Dr. Paul Graham Fisher, a court appointed doctor, testified that 13-year-old Jahi McMath is brain dead on Tuesday, adding to previous confirmation from Children's Hospital doctors, according to the Associated Press.

Dr. Fisher, the chief of child neurology at Stanford University School of Medicine, is the second to conclude McMath as brain dead after she went in for a tonsillectomy surgery at Oakland's Children's Hospital on Dec. 12, the AP reported.

After reporting McMath was brain dead, hospital officials said they had no obligation to keep McMath on a ventilating system that is keeping her alive because there is no possibility she can come back from being brain dead.
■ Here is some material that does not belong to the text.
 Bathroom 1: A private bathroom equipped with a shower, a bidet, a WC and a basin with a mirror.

Keeping the ventilator on is also costing thousands of dollars a day, which health insurance will not likely cover, the AP reported.

The hospital filed court papers on Monday asking McMath be taken off life support after doctors said she was brain dead but her family wants to keep the ventilator on, until they can move her elsewhere and a third opinion is given, the AP reported.
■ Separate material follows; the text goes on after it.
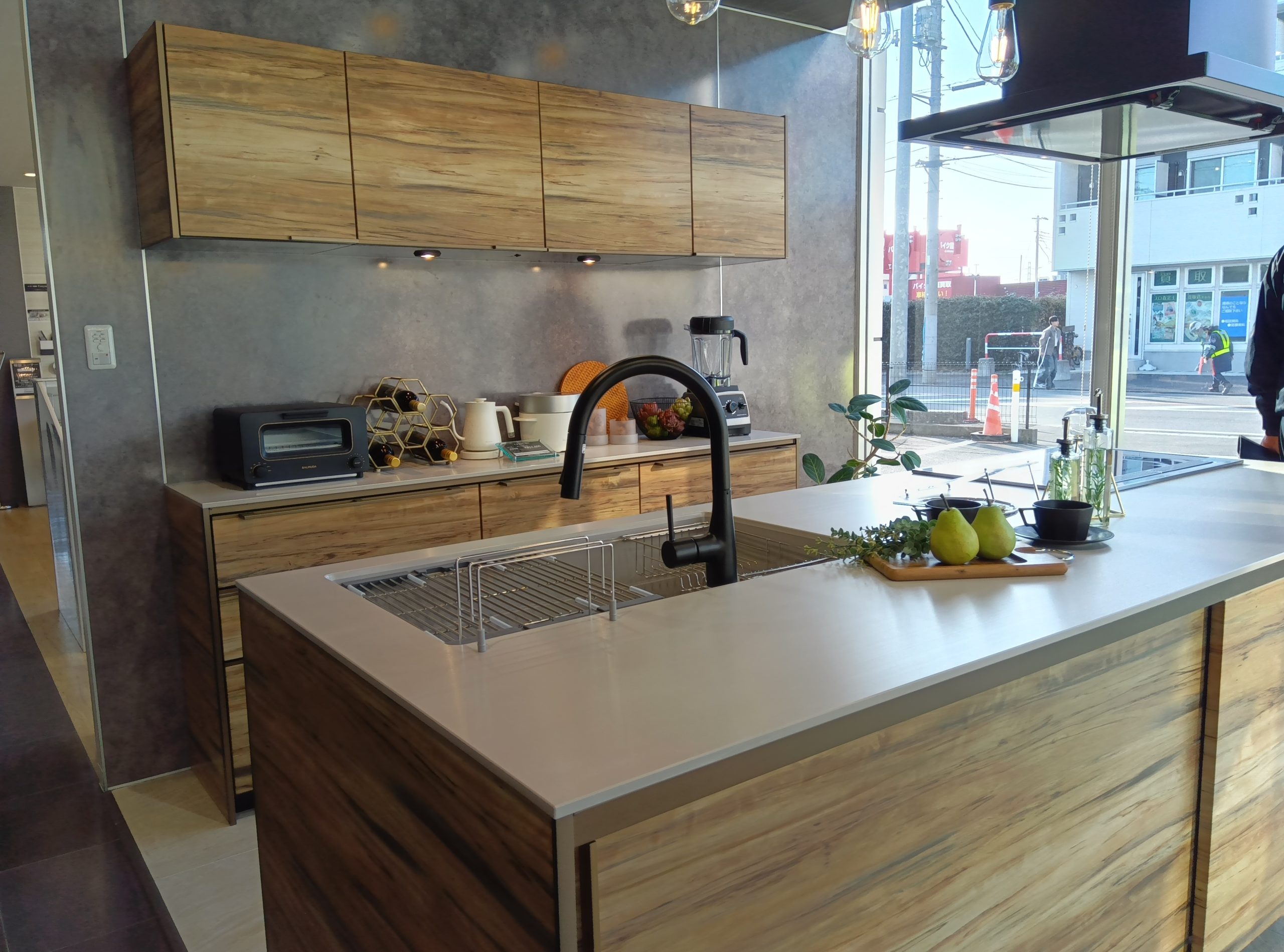 ショールームの入口すぐに、リアルな木目調のキッチンが展示されていました。水栓やレンジフードが黒いのも、最近のトレンドのようです。

Alameda County Judge Evelio Grillo has ordered for McMath to remain on life support until Dec. 30, or until further notice from the court, and is expected to consider the McMath's family request for a third opinion, according to the AP.

"It's wrong for someone who made mistakes on your child to just call the coroner ... and not respect the family's feeling or rights," Sandra Chatman, Jahi's grandmother and a registered nurse, said outside the courtroom on Monday, adding that she knows "Jahi suffered, and it tears me up," the AP reported.

The McMath family attorney, Christopher Dolan, asked Grillo to bring in Paul Byrne, a pediatric professor at the University of Toledo who was the co-editor of the book "Beyond Brain Death," which discusses the argument against current criteria used to determine if a person is truly deceased, the AP reported. Grillo denied the request on the terms Byrne is not a pediatric neurologist.

Byrne told the AP in a phone interview that if McMath's ventilator is properly functioning then that is a sign she is alive.

"The ventilator won't work on a corpse," Byrne told the AP, "In a corpse, the ventilator pushes the air in, but it won't come out. Just the living person pushes the air out."

Dr. David Duran, chief of pediatrics at the Children's Hospital, said though he offers his "deepest sympathy" for the McMath family, the child has been deemed brain dead adding a ventilator will not reverse the effects, according to the AP.

"The ventilator cannot reverse the brain death that has occurred and it would be wrong to give false hope that Jahi will ever come back to life," Duran said, the AP reported. He added her surgery was "very complex," and "not simply a tonsillectomy."